I stayed up all night. After most people left a lot of us gathered around the fire and your parents were there. Your mom smoked with us. I told you we got to smoke with her and you cried, "You did?! With my mom!? I've never even smoked with her!" and it made me feel good. Haha. Just for a minute it did. I love your mom. She is the only one who told me not to give up with going to college when I thought all hope was lost and I wouldn't be able to make it work. She called me that day a couple weeks ago. I had been crying a lot and only texted her for advice, but she must have been able to tell I was really upset because she called anyway. Your mom is good at making people feel better. I have always admired her. She is one of the smartest people I know. I hope I can be in your life just so I can still have ties to your family. I think I like your family more than you at this point. I know them better and they love me. It's....an interesting feeling.
It was a lot of fun.
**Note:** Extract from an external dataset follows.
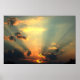 Beautiful and colourful sunset. Sun is behind the clouds and the rays of light are around

And I don't feel sad about you. Not now. Not then....not lately at all. It doesn't feel important anymore. I have so many things to worry about. And when I start to think if this is something to worry about, when I start digging in my feelings, they just aren't there. I will always love what we had. I hope one day in the future we can reunite, you said after we broke up, "I hope so too. I really do." and I think I believe you. Right now I have more growing to do. And more people to meet. But mainly I will be trying to survive going to college. It will be tight.
I learned as an introvert, you left a bigger hole in me than I you. And as we were best friends, it was a double hit. It was those first couple months of agony I had admired the path of an extrovert and how easily they made friends and got closer to people. I lost so much. You don't even know. But I can feel myself a stronger person because of it now. I will always say I never would've been able to do it. I still wouldn't either, even knowing what has happened. I guess if I were to talk to you about any of the things I've been writing to you the past couple of months, even out of all of my tears, my anger and bitterness, my love poems and everything, the only important thing I would pick out would be, "thank you". So thanks.